**YOUR TASK**
From the material below, retype exactly the lines that begin at the line with "الحَلّ: استعملي كريم" and end after the line with "Loimaa oli ensimmäistä"; pictures stay out of the copy.

**DATA TO USE**

****

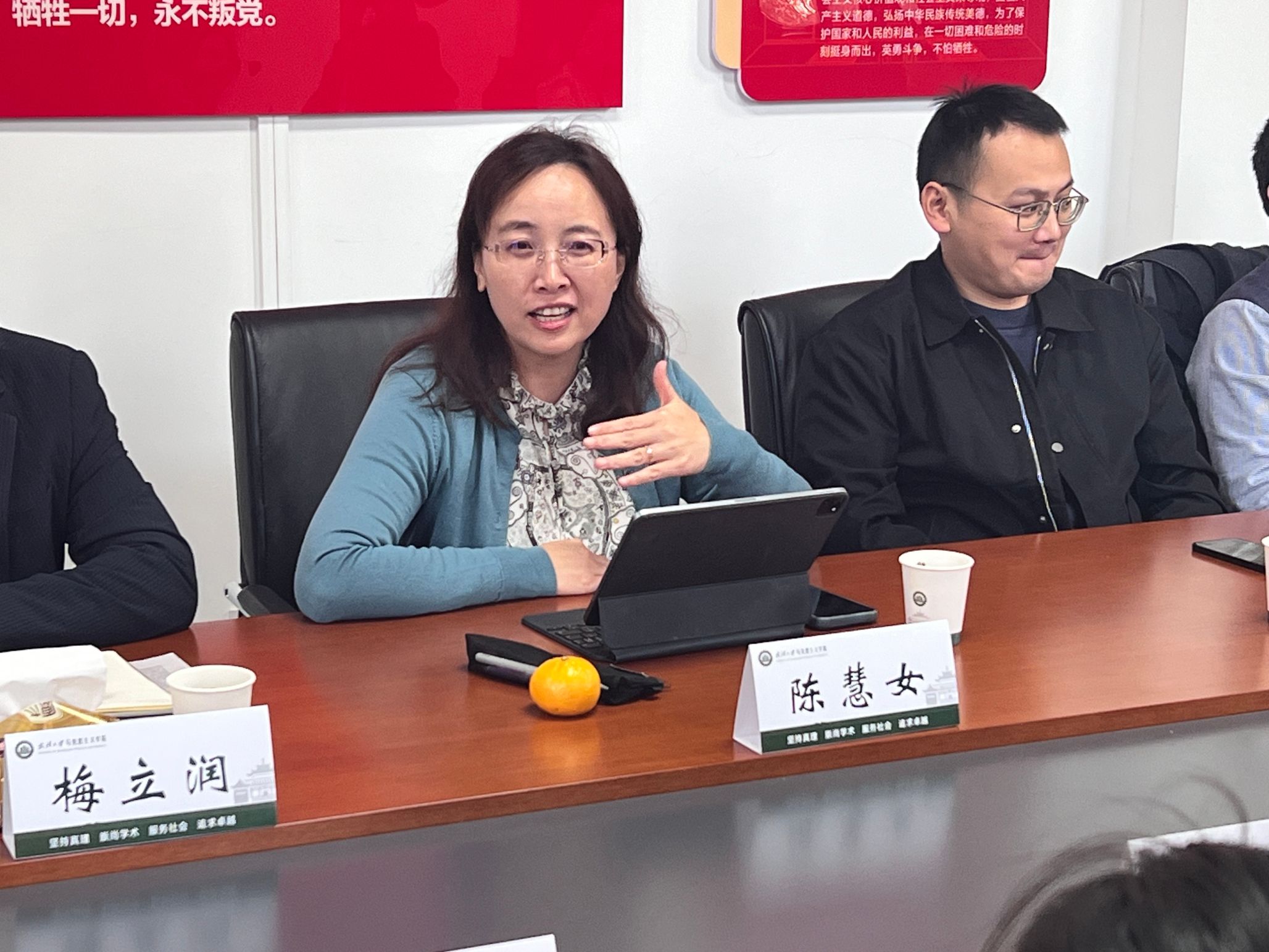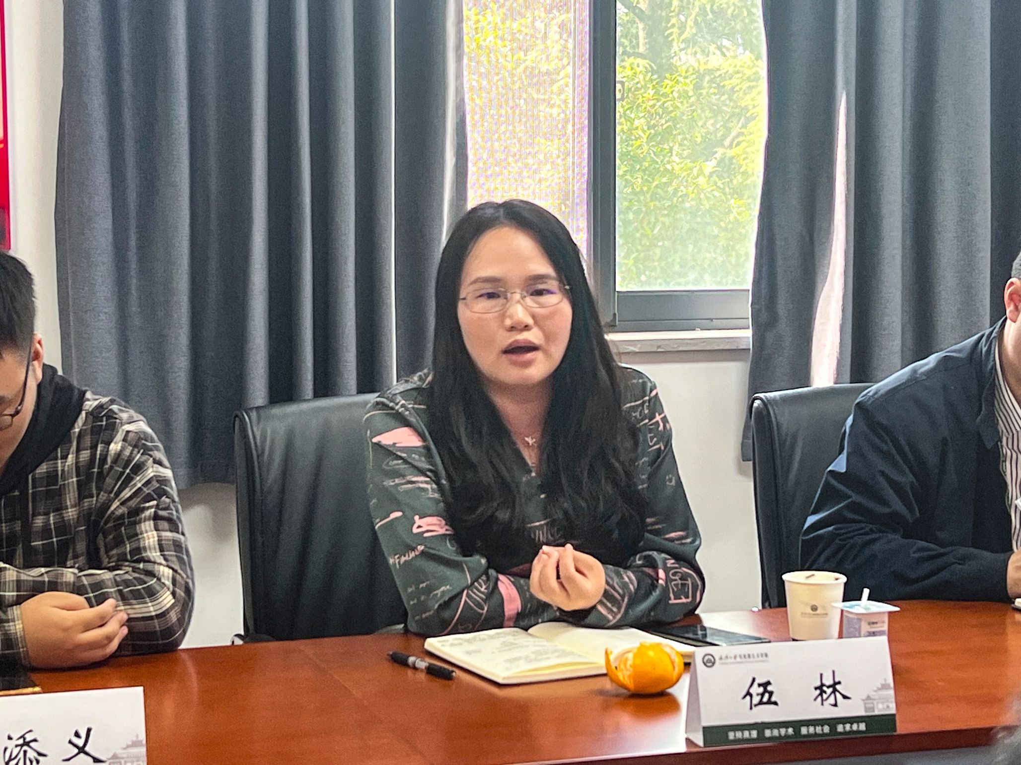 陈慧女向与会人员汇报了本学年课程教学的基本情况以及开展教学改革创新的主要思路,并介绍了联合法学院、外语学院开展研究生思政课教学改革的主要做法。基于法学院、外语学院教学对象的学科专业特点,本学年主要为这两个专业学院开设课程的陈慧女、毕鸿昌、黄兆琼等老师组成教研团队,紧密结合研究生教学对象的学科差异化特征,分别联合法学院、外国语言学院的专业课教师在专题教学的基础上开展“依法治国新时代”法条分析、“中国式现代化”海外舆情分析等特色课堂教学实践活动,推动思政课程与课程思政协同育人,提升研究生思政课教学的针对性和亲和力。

****

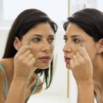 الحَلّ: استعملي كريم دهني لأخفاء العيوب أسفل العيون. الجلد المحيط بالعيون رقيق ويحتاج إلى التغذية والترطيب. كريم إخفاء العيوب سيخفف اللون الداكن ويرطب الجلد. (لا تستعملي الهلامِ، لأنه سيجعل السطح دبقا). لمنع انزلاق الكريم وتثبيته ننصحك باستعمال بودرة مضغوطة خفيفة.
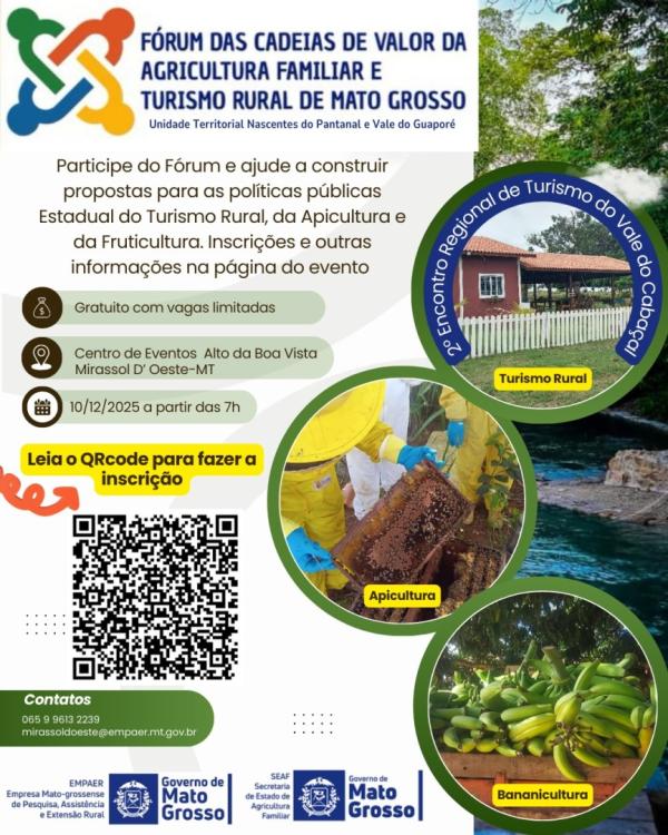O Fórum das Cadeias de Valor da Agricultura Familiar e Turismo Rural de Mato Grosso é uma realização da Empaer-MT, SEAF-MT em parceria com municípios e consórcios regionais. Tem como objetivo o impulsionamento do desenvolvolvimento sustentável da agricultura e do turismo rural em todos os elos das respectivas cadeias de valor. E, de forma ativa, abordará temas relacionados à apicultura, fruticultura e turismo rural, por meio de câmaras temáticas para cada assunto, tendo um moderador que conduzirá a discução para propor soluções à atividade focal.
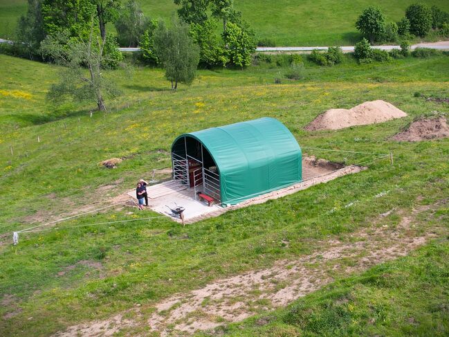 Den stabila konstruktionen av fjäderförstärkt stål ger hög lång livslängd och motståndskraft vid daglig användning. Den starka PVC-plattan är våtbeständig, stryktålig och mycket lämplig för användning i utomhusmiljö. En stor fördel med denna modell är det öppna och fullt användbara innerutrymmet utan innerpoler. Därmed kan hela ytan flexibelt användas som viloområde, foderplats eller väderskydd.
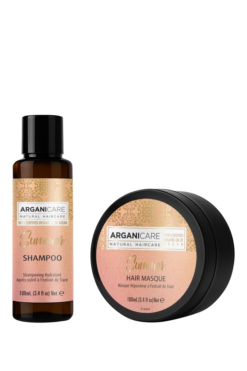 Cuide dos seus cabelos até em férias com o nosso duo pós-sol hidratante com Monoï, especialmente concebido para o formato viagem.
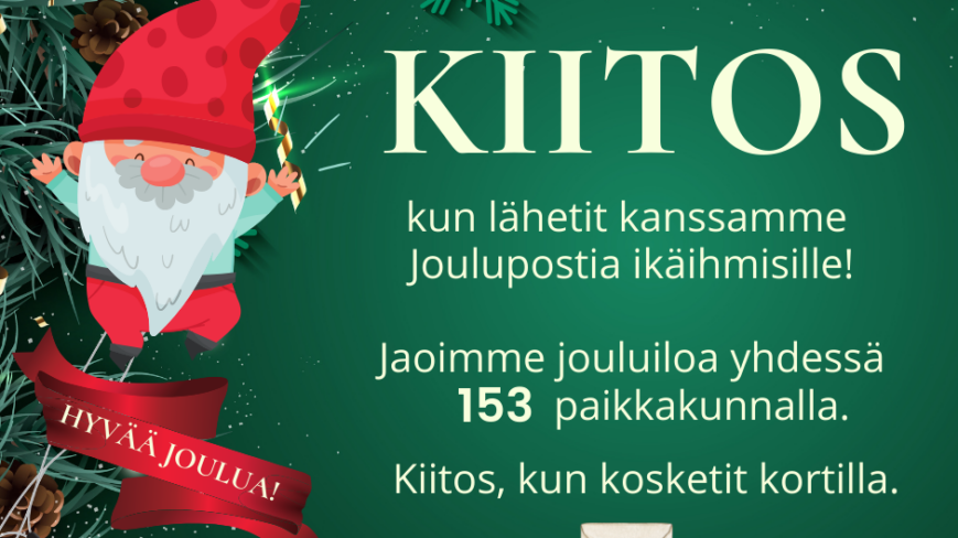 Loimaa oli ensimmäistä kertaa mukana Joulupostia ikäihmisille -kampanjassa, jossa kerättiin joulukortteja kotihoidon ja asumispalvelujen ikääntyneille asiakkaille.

****

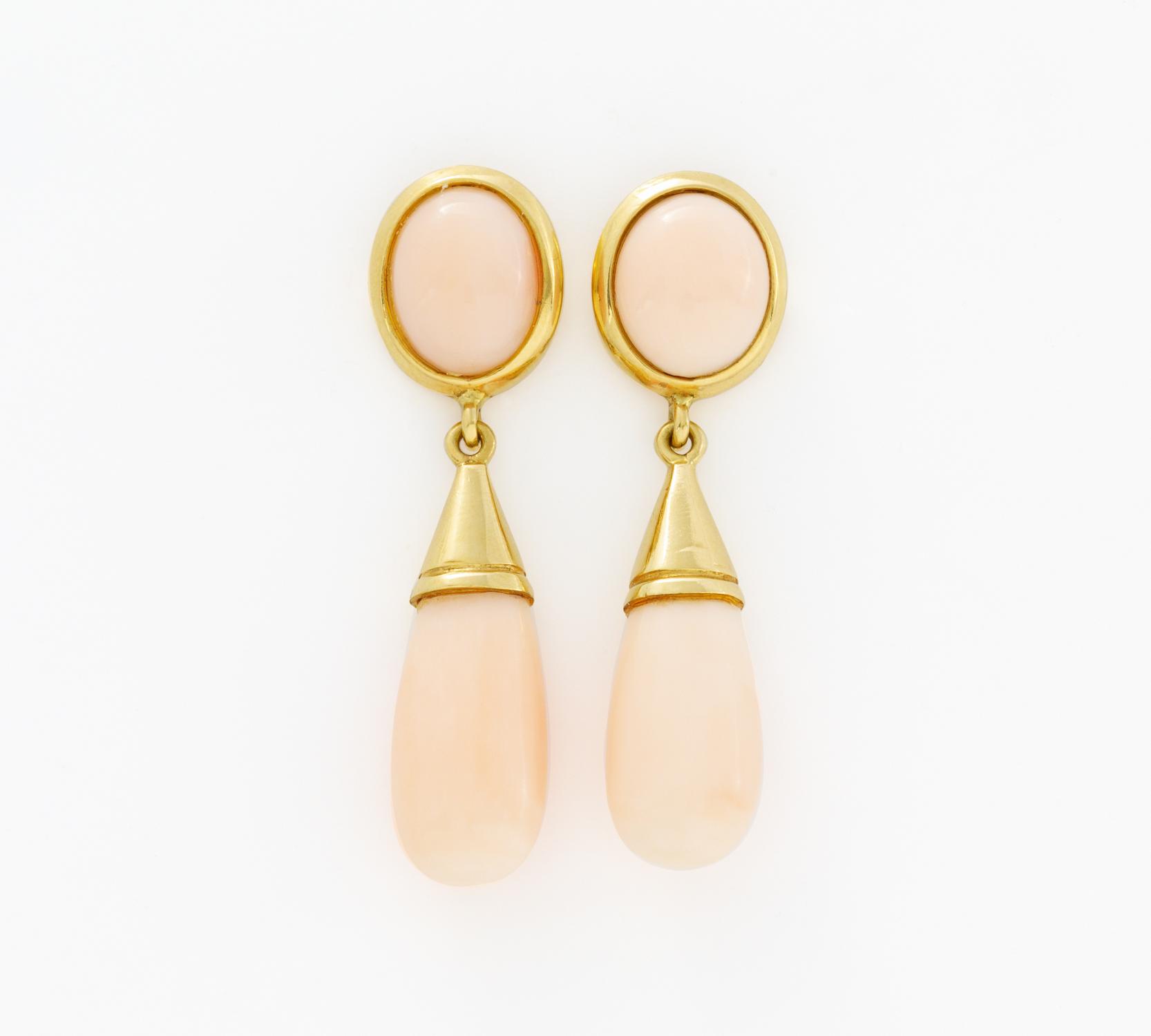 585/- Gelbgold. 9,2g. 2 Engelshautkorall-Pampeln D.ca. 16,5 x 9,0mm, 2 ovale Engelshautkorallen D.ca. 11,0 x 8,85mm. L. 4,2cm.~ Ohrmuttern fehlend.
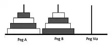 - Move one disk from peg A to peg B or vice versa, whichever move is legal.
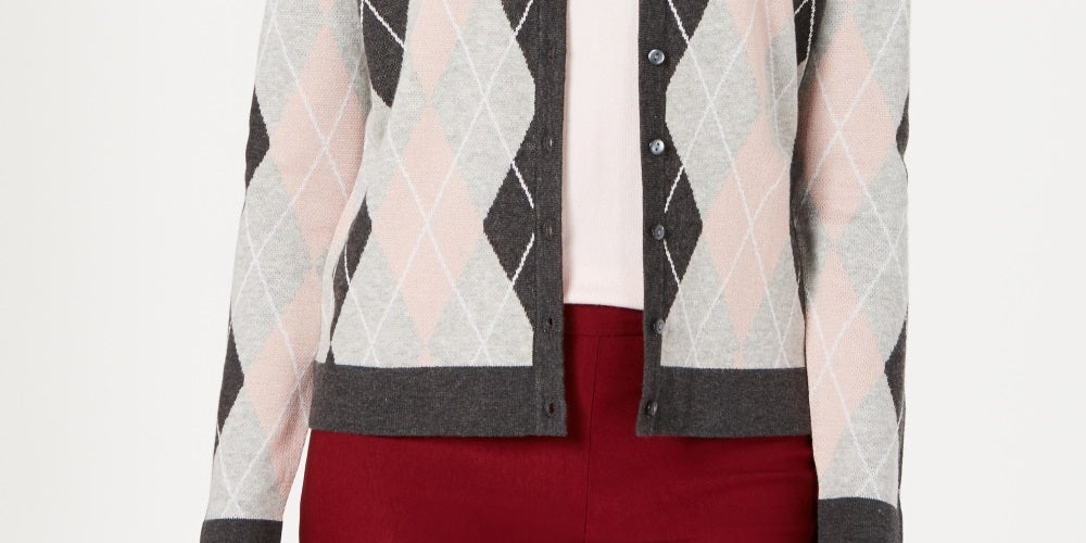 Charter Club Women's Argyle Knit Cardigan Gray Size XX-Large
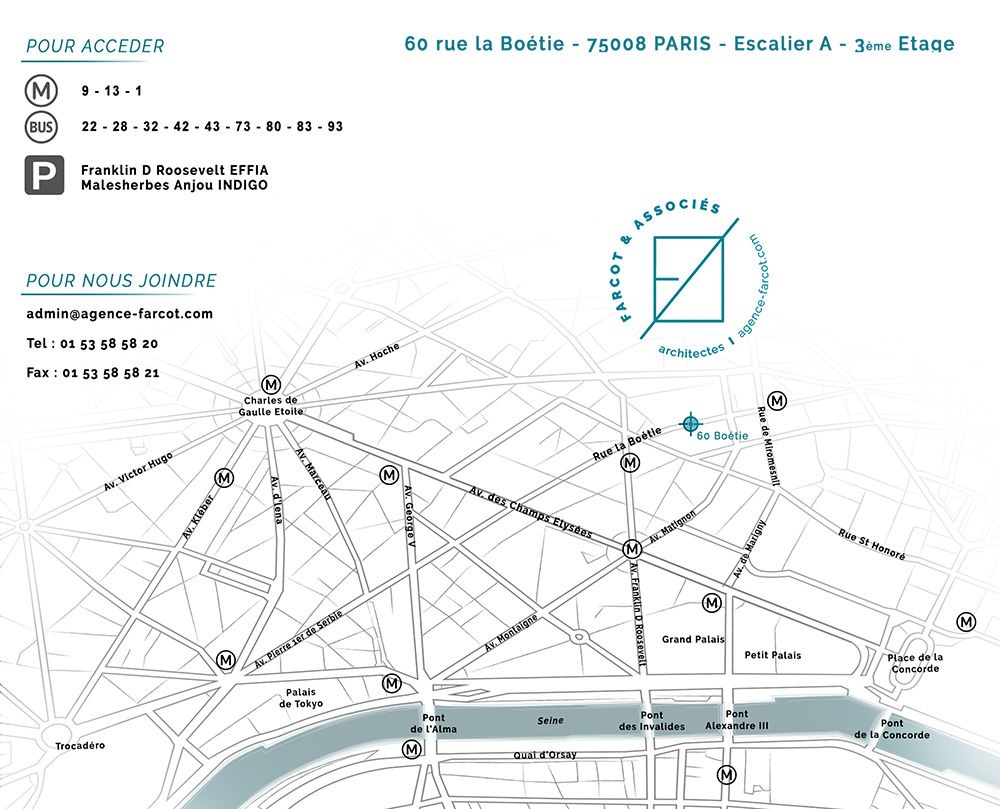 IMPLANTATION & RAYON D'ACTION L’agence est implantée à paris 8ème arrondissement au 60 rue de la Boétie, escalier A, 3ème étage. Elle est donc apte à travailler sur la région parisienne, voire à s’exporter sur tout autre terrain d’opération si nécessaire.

****

**SOLUTION TO THE PROBLEM**
 الحَلّ: استعملي كريم دهني لأخفاء العيوب أسفل العيون. الجلد المحيط بالعيون رقيق ويحتاج إلى التغذية والترطيب. كريم إخفاء العيوب سيخفف اللون الداكن ويرطب الجلد. (لا تستعملي الهلامِ، لأنه سيجعل السطح دبقا). لمنع انزلاق الكريم وتثبيته ننصحك باستعمال بودرة مضغوطة خفيفة.
O Fórum das Cadeias de Valor da Agricultura Familiar e Turismo Rural de Mato Grosso é uma realização da Empaer-MT, SEAF-MT em parceria com municípios e consórcios regionais. Tem como objetivo o impulsionamento do desenvolvolvimento sustentável da agricultura e do turismo rural em todos os elos das respectivas cadeias de valor. E, de forma ativa, abordará temas relacionados à apicultura, fruticultura e turismo rural, por meio de câmaras temáticas para cada assunto, tendo um moderador que conduzirá a discução para propor soluções à atividade focal.
 Den stabila konstruktionen av fjäderförstärkt stål ger hög lång livslängd och motståndskraft vid daglig användning. Den starka PVC-plattan är våtbeständig, stryktålig och mycket lämplig för användning i utomhusmiljö. En stor fördel med denna modell är det öppna och fullt användbara innerutrymmet utan innerpoler. Därmed kan hela ytan flexibelt användas som viloområde, foderplats eller väderskydd.
 Cuide dos seus cabelos até em férias com o nosso duo pós-sol hidratante com Monoï, especialmente concebido para o formato viagem.
 Loimaa oli ensimmäistä kertaa mukana Joulupostia ikäihmisille -kampanjassa, jossa kerättiin joulukortteja kotihoidon ja asumispalvelujen ikääntyneille asiakkaille.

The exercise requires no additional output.